Supplied records below:

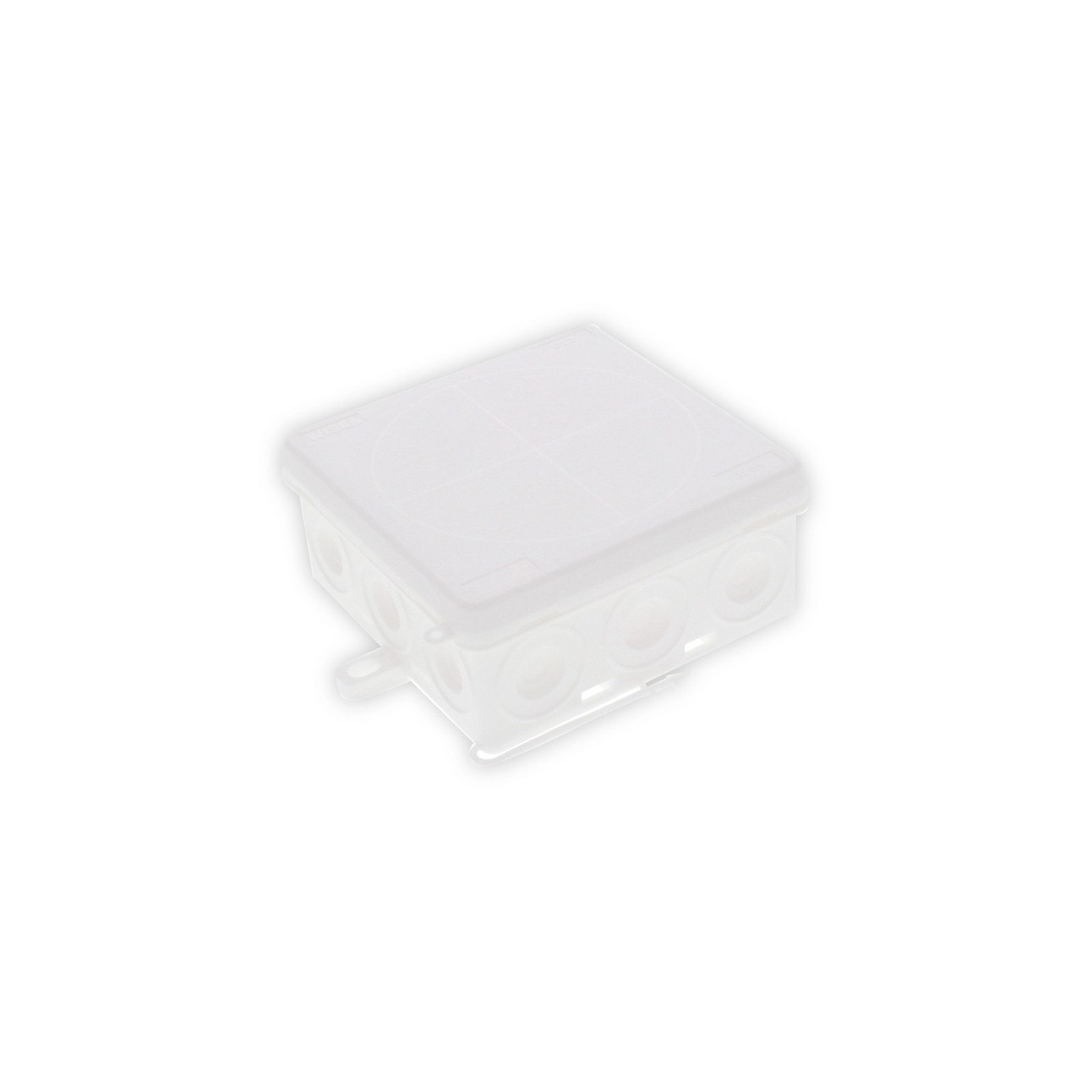 Hochwertige Abzweigdose mit 12 selbstdichtende und abschneidbare Kabeleinführungen seitlich sowie 4 im Boden. Mit Deckel und 2 außenliegende Befestigungslaschen.
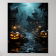 Embrace the essence of Halloween with our captivating poster design, "Haunted House With Trees And Pumkins Around." This artwork transports you to a world where the veil between reality and the supernatural is at its thinnest, and the night is alive with mysterious possibilities. The poster captures the essence of Halloween with its rich colours and intricate design. It invites you to explore the mysteries of the night, to wander through the enchanted forest, and to peer into the windows of the haunted house to catch a glimpse of the spectral inhabitants within. Hang this poster on your wall and create an atmosphere of eerie enchantment. Whether you're a Halloween enthusiast, a lover of the supernatural, or simply someone who appreciates the beauty of a well-crafted scene, "Haunted House With Trees And Pumkins Around" will draw you into its world and keep you captivated for years to come.
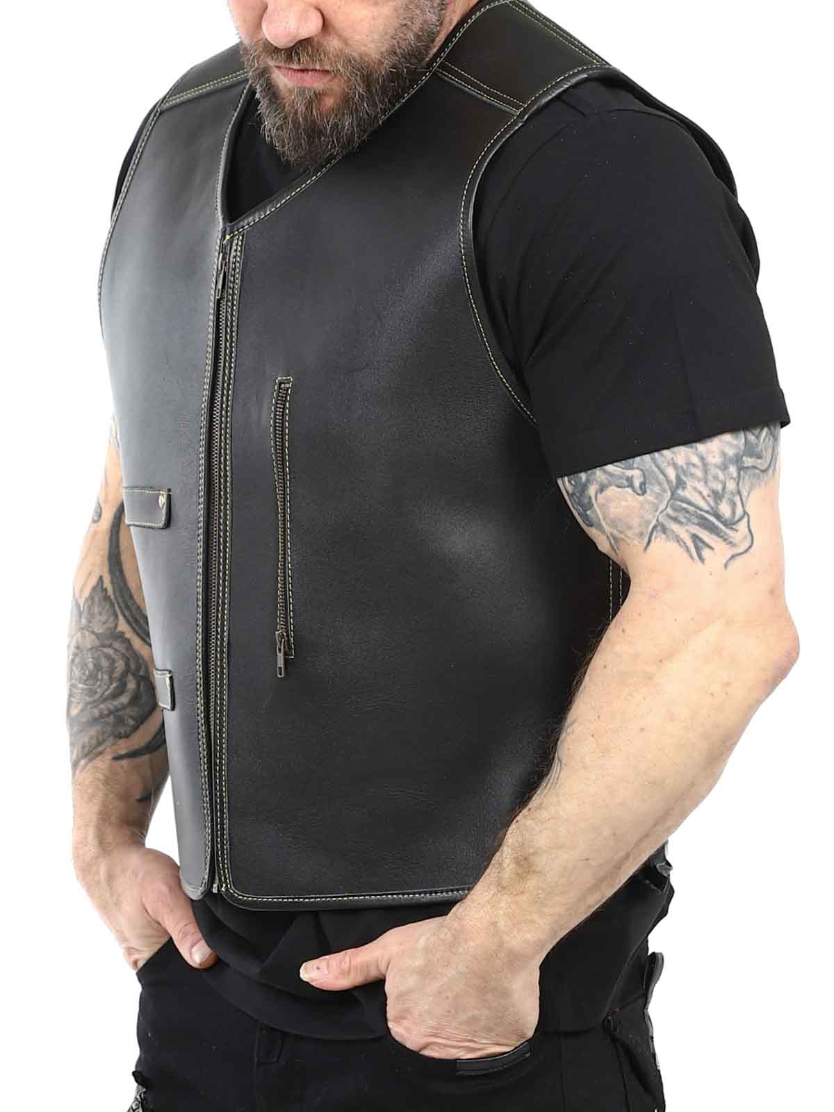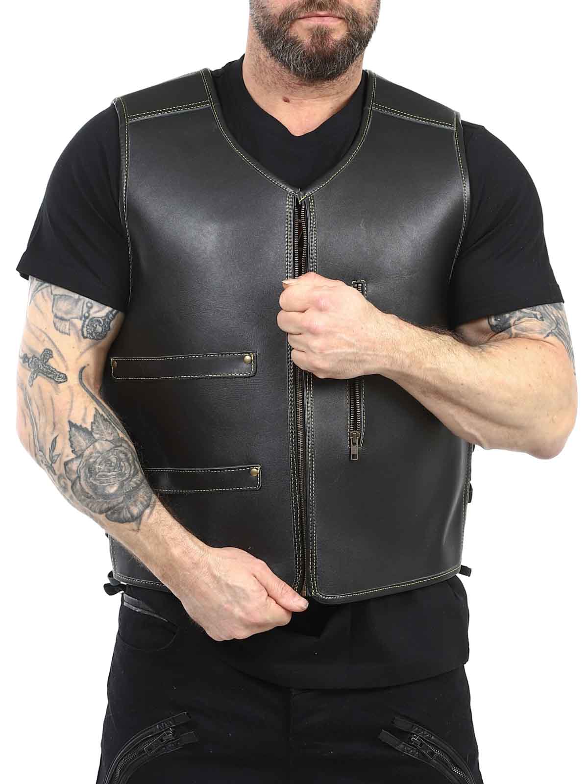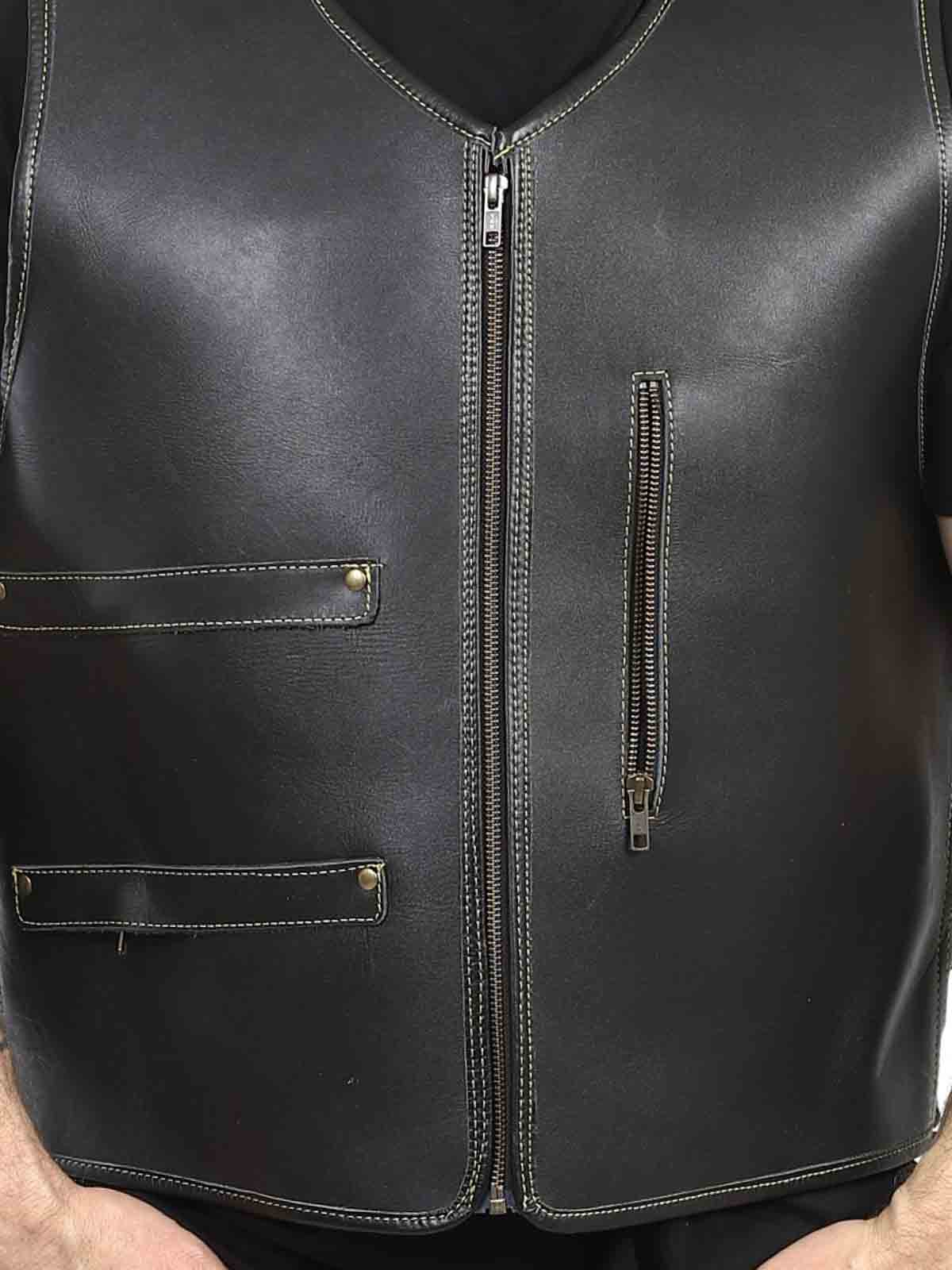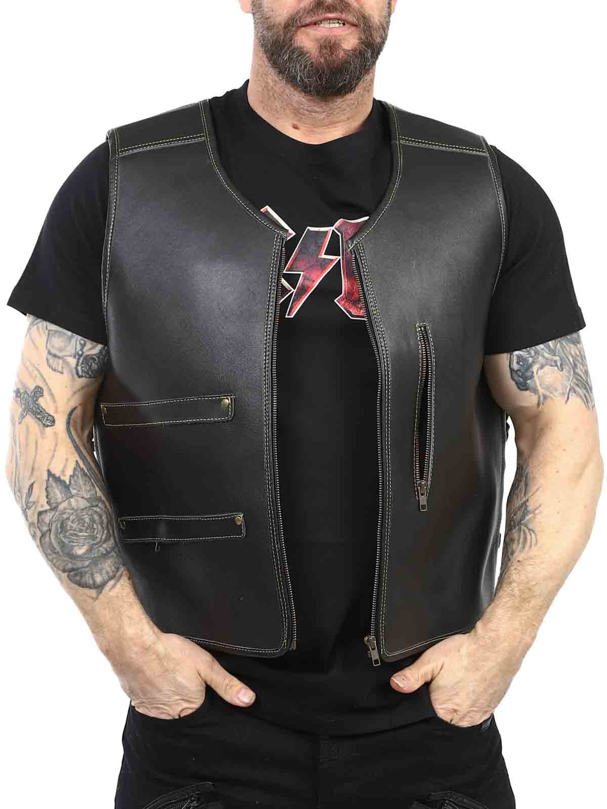 Robust buffalo leather vest with distinctive stitching. It has three front pockets and three inside pockets, all with zip closure for secure storage. Side ties for an adjustable fit and a stylish touch. With its durable construction and quality details, this vest is just as suitable for the road as it is for those who want to add a real statement piece to their wardrobe!
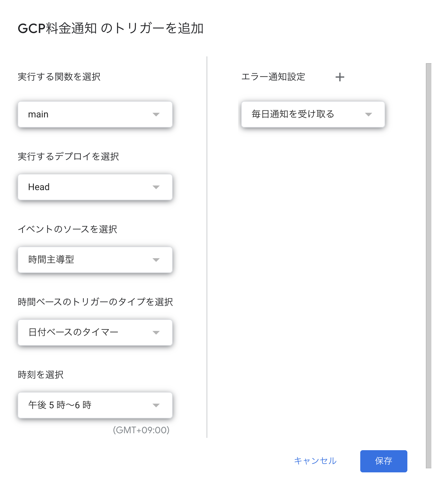 トリガー設定画面では、実行する関数(この場合は main)と実行タイミングを指定します。イベントのソースを「時間主導型」、時間ベースのトリガーのタイプを「日付ベースのタイマー」や「日タイマー」に設定し、実行したい時刻(例: 午前9時〜10時)を選択します。GASの仕様上、正確な分単位での指定はできず、指定した時間帯のいずれかのタイミングで実行されます。(これはおそらく、負荷分散のための仕様でしょう。)
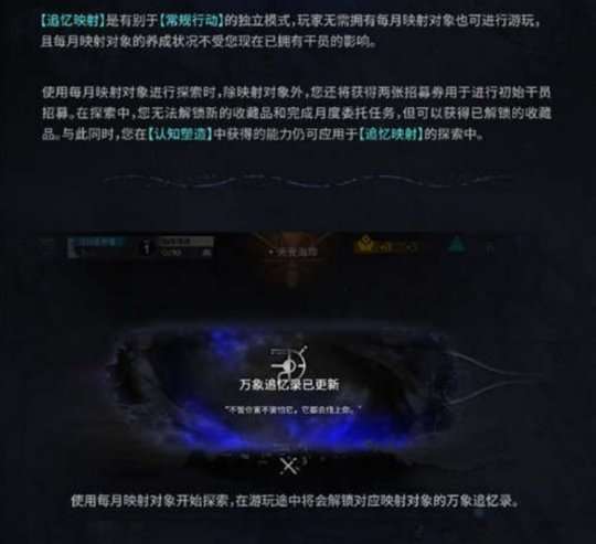 追忆映射是明日方舟游戏中的一种独立模式,与常规行动有所不同。即使您没有拥有每月的映射对象,也可以参与游玩,而且每月映射对象的养成状态不会受到您现有干员的影响。另外,水月肉鸽是追忆映射中的新模式。
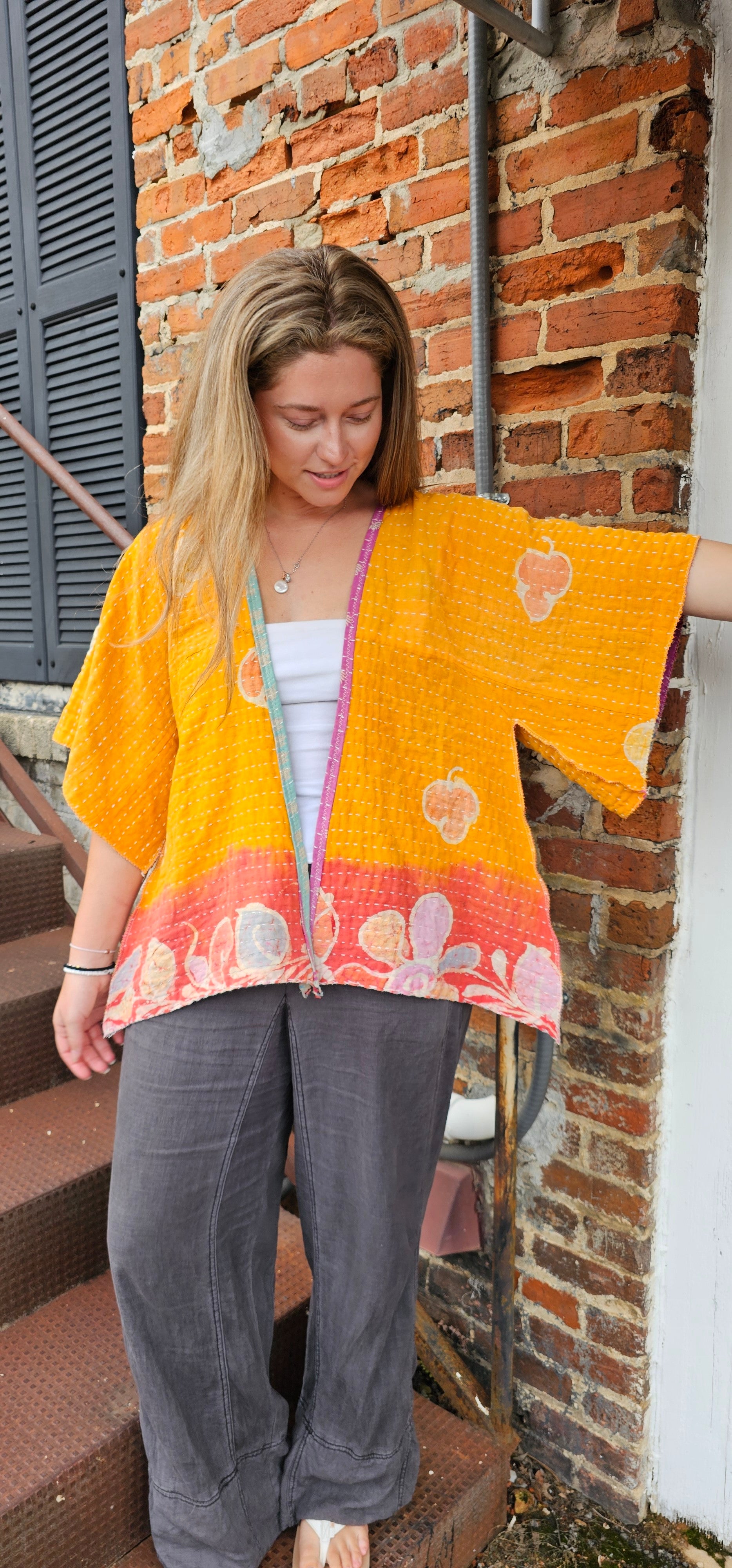 Our Charmer Cardie is the perfect blend of our cardigan and waistcoat! Featuring an open front and shorter bell sleeves, this one-of-a-kind layering piece is stitched from upcycled vintage saris using traditional Kantha embroidery. REVERSIBLE AND ONE OF A KIND
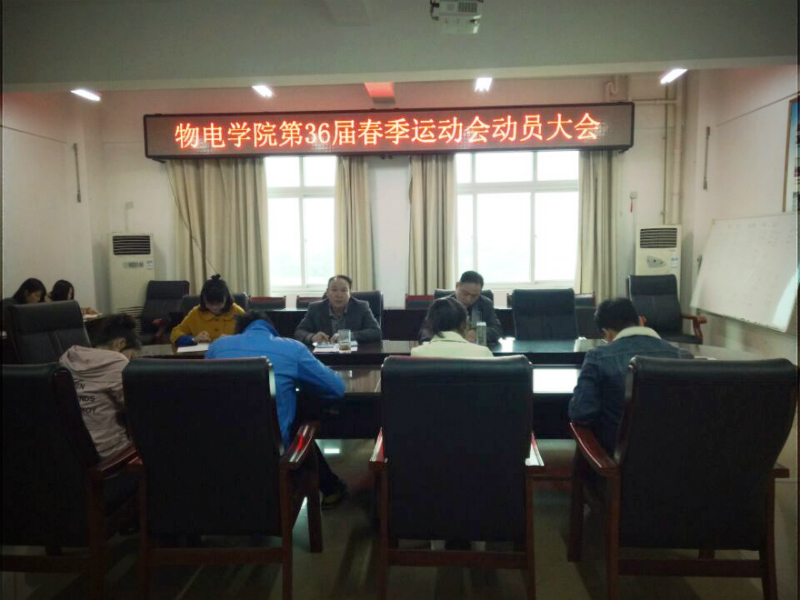 4月11晚,物电学院于理科楼911会议室开展第36届春季运动会动员大会,电影网站 党委书记柳士刚,副书记李刚,院团委老师黄钰莹,学生会主席团成员及相关部门部长参加此次会议。会议由李刚主持。
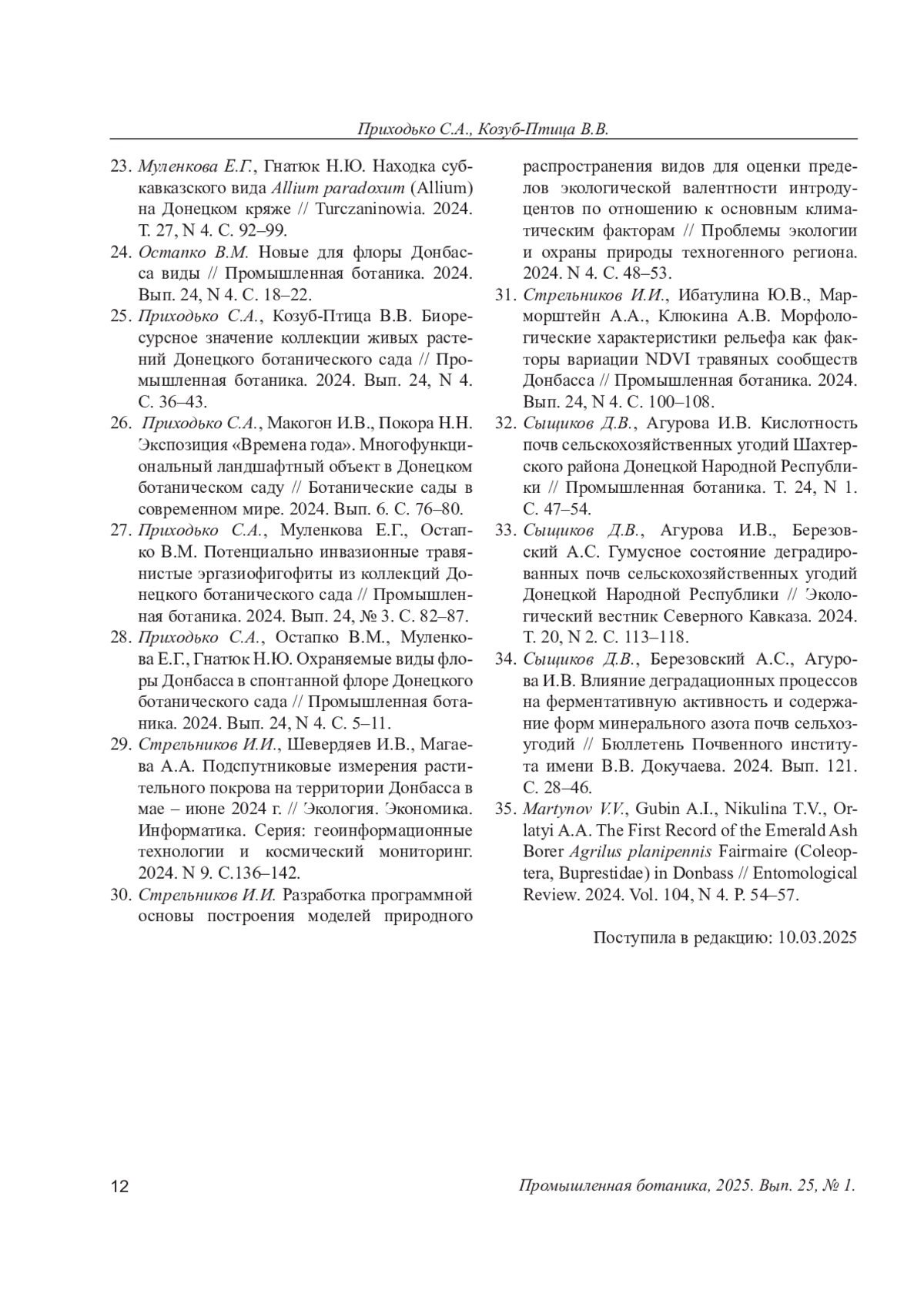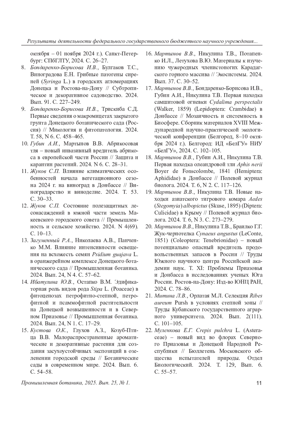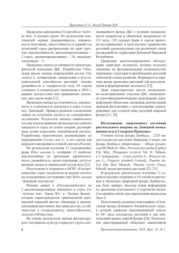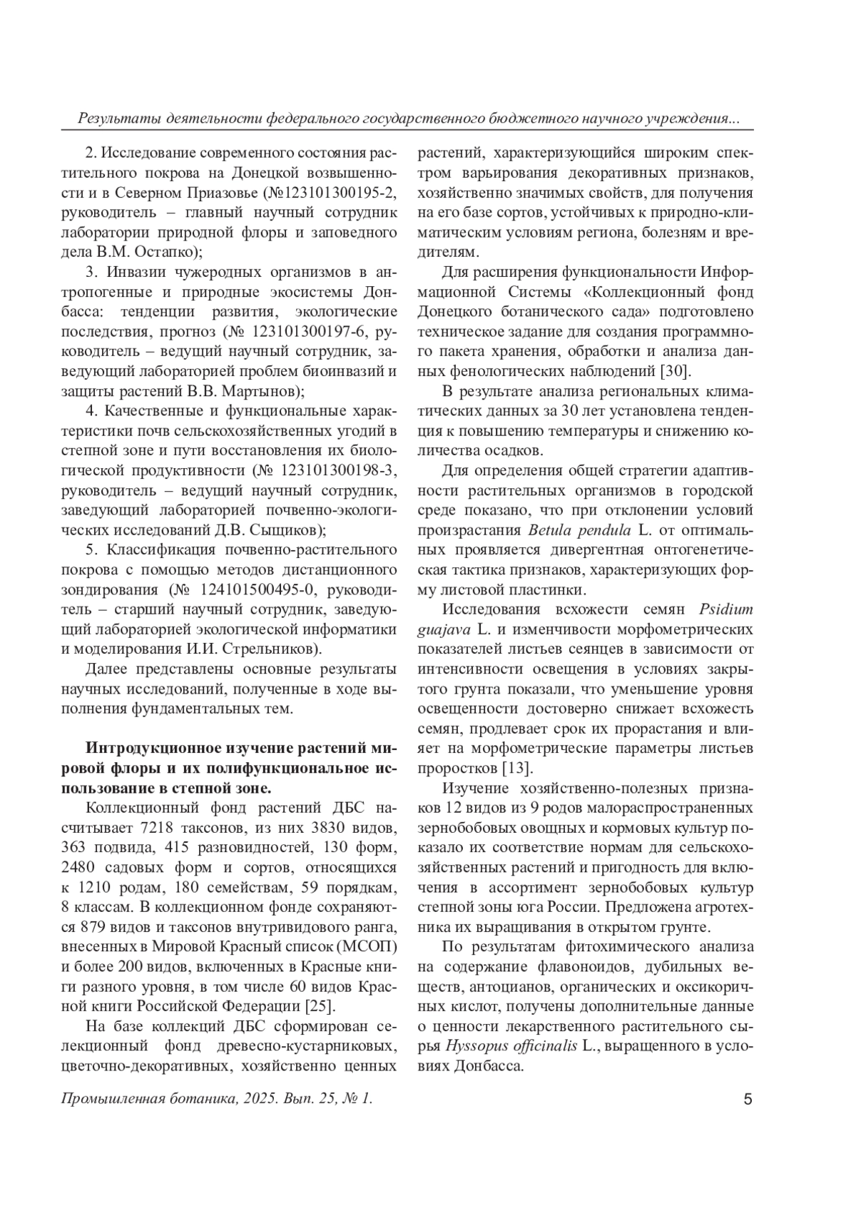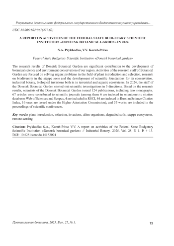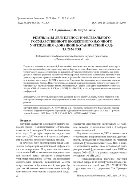 ПРИХОДЬКО С.А., КОЗУБ-ПТИЦА В.В. РЕЗУЛЬТАТЫ ДЕЯТЕЛЬНОСТИ ФЕДЕРАЛЬНОГО ГОСУДАРСТВЕННОГО БЮДЖЕТНОГО НАУЧНОГО УЧРЕЖДЕНИЯ «ДОНЕЦКИЙ БОТАНИЧЕСКИЙ САД» ЗА 2024 ГОД // ПРОМЫШЛЕННАЯ БОТАНИКА. 2025. № 1, ТОМ 25

End of Supplied records.

**What you should do:** Print the lines from the one holding "追忆映射是明日方舟游戏中的一" through the last line of the records, word for word, and omit the pictures.

**Written reply:**
 追忆映射是明日方舟游戏中的一种独立模式,与常规行动有所不同。即使您没有拥有每月的映射对象,也可以参与游玩,而且每月映射对象的养成状态不会受到您现有干员的影响。另外,水月肉鸽是追忆映射中的新模式。
 Our Charmer Cardie is the perfect blend of our cardigan and waistcoat! Featuring an open front and shorter bell sleeves, this one-of-a-kind layering piece is stitched from upcycled vintage saris using traditional Kantha embroidery. REVERSIBLE AND ONE OF A KIND
 4月11晚,物电学院于理科楼911会议室开展第36届春季运动会动员大会,电影网站 党委书记柳士刚,副书记李刚,院团委老师黄钰莹,学生会主席团成员及相关部门部长参加此次会议。会议由李刚主持。
 ПРИХОДЬКО С.А., КОЗУБ-ПТИЦА В.В. РЕЗУЛЬТАТЫ ДЕЯТЕЛЬНОСТИ ФЕДЕРАЛЬНОГО ГОСУДАРСТВЕННОГО БЮДЖЕТНОГО НАУЧНОГО УЧРЕЖДЕНИЯ «ДОНЕЦКИЙ БОТАНИЧЕСКИЙ САД» ЗА 2024 ГОД // ПРОМЫШЛЕННАЯ БОТАНИКА. 2025. № 1, ТОМ 25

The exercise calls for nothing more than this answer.